The Guisborough Flyer did sometimes land back home, training and racing on Peacock's Field - where a Safeway supermarket now stands - and twice equalling his 9.8 record.
In 1916 he turned professional, attracting huge crowds, before emigrating to America, coaching university soccer and working for GEC.
He died in 1958, the year that his 100 yard record was finally broken.
Stuart Burns - "a rugby man, I only ever used to run into people" - has won backing from the town council and from the British Olympic Association, which has allowed use of its "Team Great Britain" logo on the plaque.
"I'm very proud to be from Guisborough and when I saw it in Backtrack I wanted to do something.
"I hope that it will serve as a reminder of someone who youngsters can really look up to.
"It's been an awfully long time coming."
SSTEWART Clarke, who'd listened "awestruck" as a child when the old lads remembered Willie Applegarth, recalls another 100m record holder whose star may be rising.
Sir Menzies Campbell, now in the running for the Liberal Democrat leadership, represented Great Britain in the 1964 Olympics in Tokyo and was England's athletics captain in the 1966 Commonwealth Games.
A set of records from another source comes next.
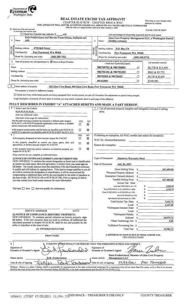 | 1 | 1210-1175L | Lots in Carroll's Hood Canal View Estates | 0.0000 | 0.00 | 0.00 | 0.00 | 20.00 | $90,750 | $0 |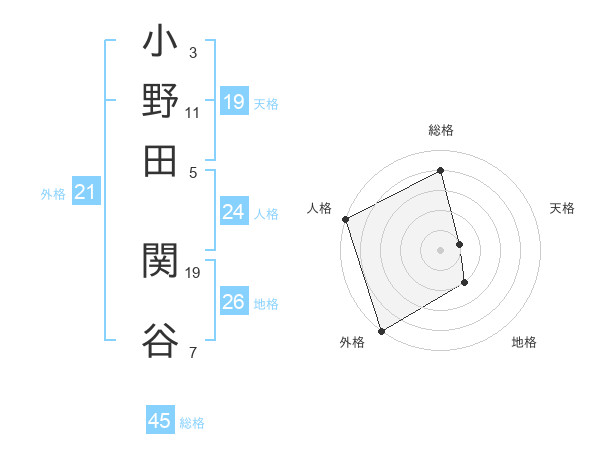 小野田 関谷さんを姓名の画数から五運を鑑定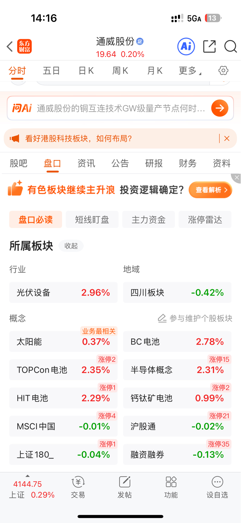 这通威,每天要被甩开多少个点,板块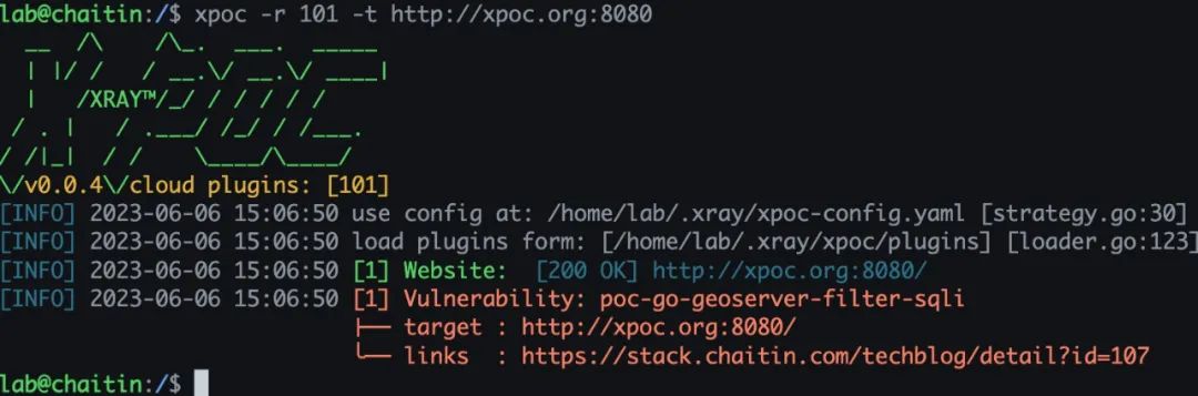 检测方法:./geoserver_sqli_cve_2023_25157_scanner_linux_amd64 scan –output result.json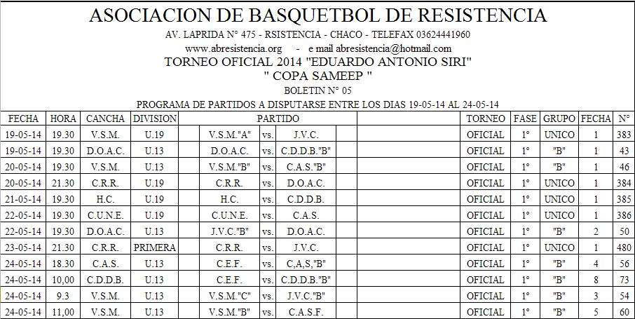 DIVISIONES FORMATIVAS. Programación de partidos de la ABR desde el 19 al 24 de mayo de 2014.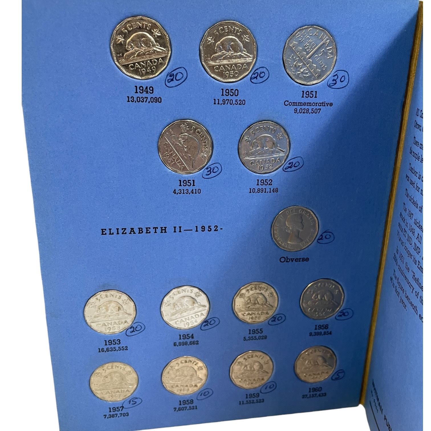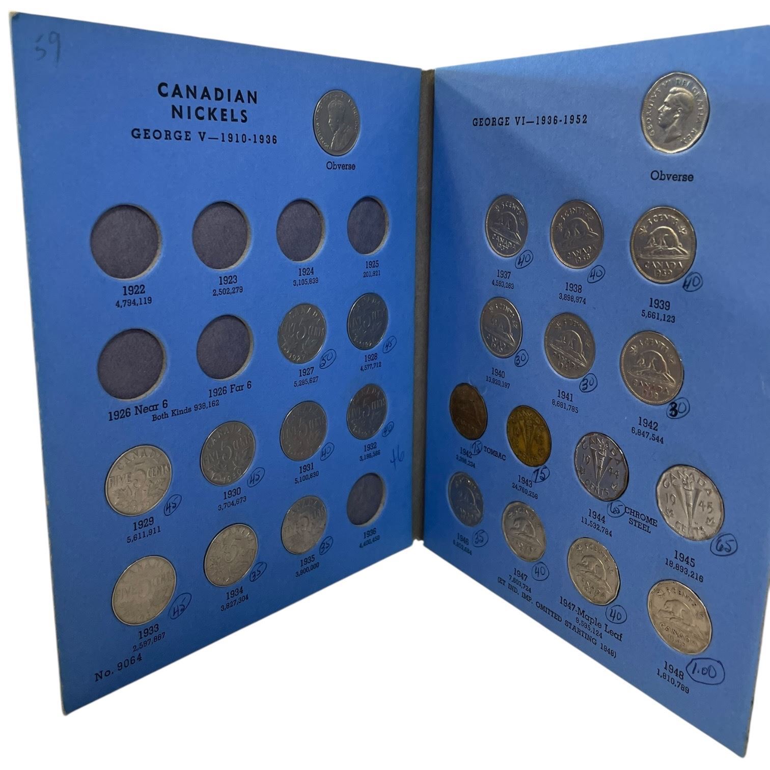 1 Canadian & Tube of 40+ Canadian Nickles from 1930s to 1950s (majority are 1940s)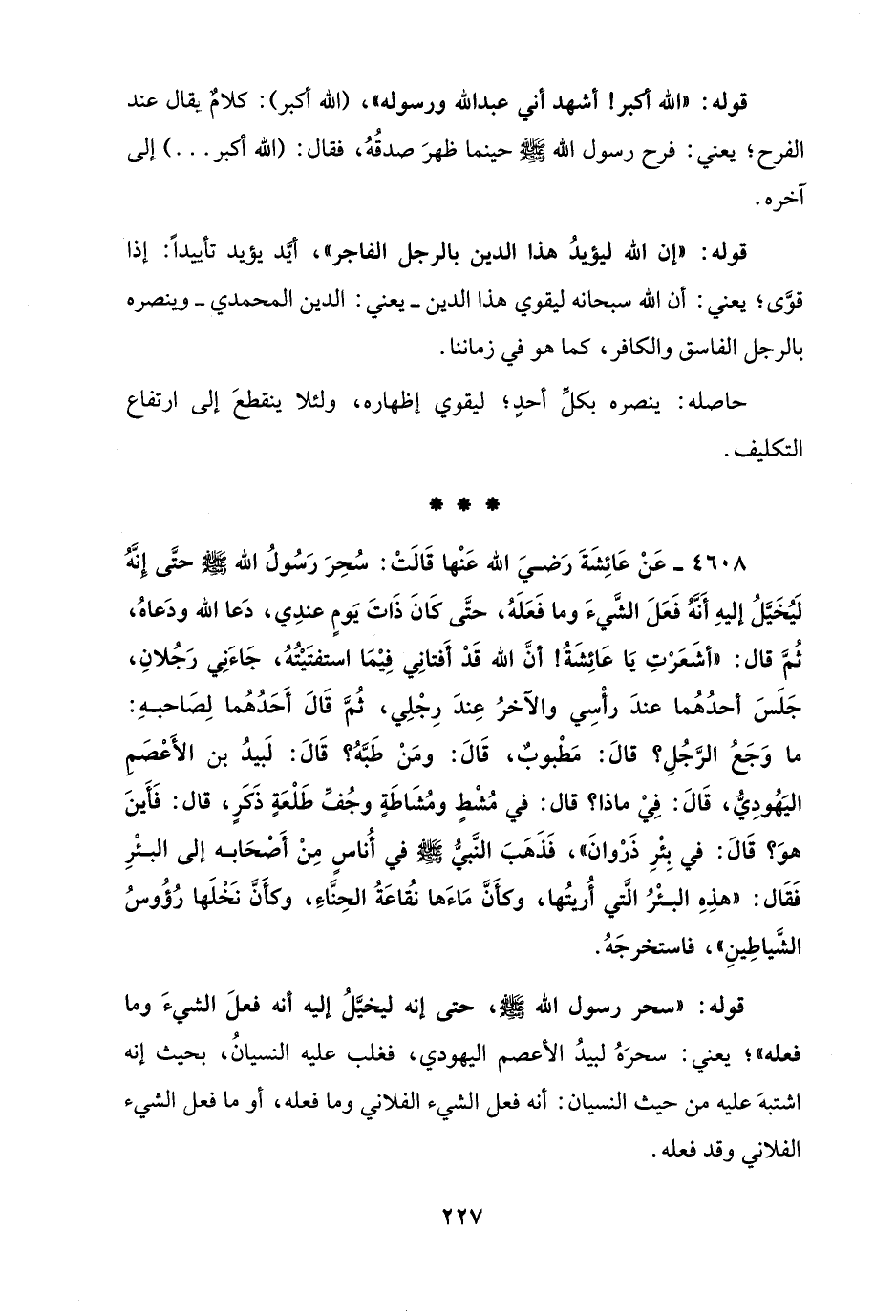 4608 - عَنْ عَائِشَةَ رَضيَ الله عَنْها قَالَتْ: سُحِرَ رَسُولُ الله - صلى الله عليه وسلم - حتَّى إِنَّهُ لَيُخَيَّلُ إليهِ أَنَّهُ فَعَلَ الشَّيءَ وما فَعَلَهُ، حتَّى كَانَ ذَاتَ يَومٍ عندِي، دَعا الله ودَعاهُ، ثُمَّ قال: "أشَعَرْتِ يَا عَائِشَةُ! أنَّ الله قَدْ أَفتانِي فِيْمَا استفتَيْتُهُ، جَاءَنِي رَجُلانِ، جَلَسَ أحدُهُما عندَ رأْسِي والآخرُ عِندَ رِجْلِي، ثُمَّ قَالَ أَحَدُهُما لِصَاحبهِ: ما وَجَعُ الرَّجُلِ؟ قالَ: مَطْبوبٌ، قَالَ: ومَنْ طَبَّهُ؟ قَالَ: لَبيدُ بن الأَعْصَمِ اليَهُودِيُّ، قَالَ: فِيْ ماذا؟ قال: في مُشْطٍ ومُشَاطَةٍ وجُفِّ طَلْعَةٍ ذَكَرٍ، قال: فَأَينَ هوَ؟ قَالَ: في بِئْرِ ذَرْوانَ"، فَذَهَبَ النَّبيُّ - صلى الله عليه وسلم - في أُناسٍ مِنْ أَصْحَابه إلى البئْرِ فَقَال: "هذِهِ البئْرُ الَّتي أُريتُها، وكأَنَّ مَاءَها نقُاعَةُ الحِنَّاءِ، وكأَنَّ نَخْلَها رُؤُوسُ الشَّياطِينِ"، فاستخرجَهُ.

Jeffrey Archer was another team member, still calls Campbell "skipper". Ming isn't much amused.
He clocked 10.2 for the 100m in San Jose in 1967, the British record standing for seven years. Willie Applegarth had managed 10.6 more than 50 years earlier.
All the news that's fit to sprint, we may not now have heard the last of him.
And finally...
THE only Premiership player to have hit a hat-trick in all four divisions, in the FA and League cups and for his country (Backtrack, January 10) is Robert Earnshaw of West Bromwich Albion. Hails of Hartlepool, bless him, was first of several to point out that Earnshaw's first ever league goal was for Cardiff City at the Vic - "a lovely overhead kick" - but confesses the memory man assistance of Uncle Albert Kelleher. Jamie Corrigan in Elwick was the only one to recall that Earnshaw was also on Middlesbrough's books, but never got a game. Bob Foster in Ferryhill today invites readers to name the only two footballers to have played in North-East, London, Merseyside and Milan derbies. Suitably cosmopolitan, the column returns on Tuesday.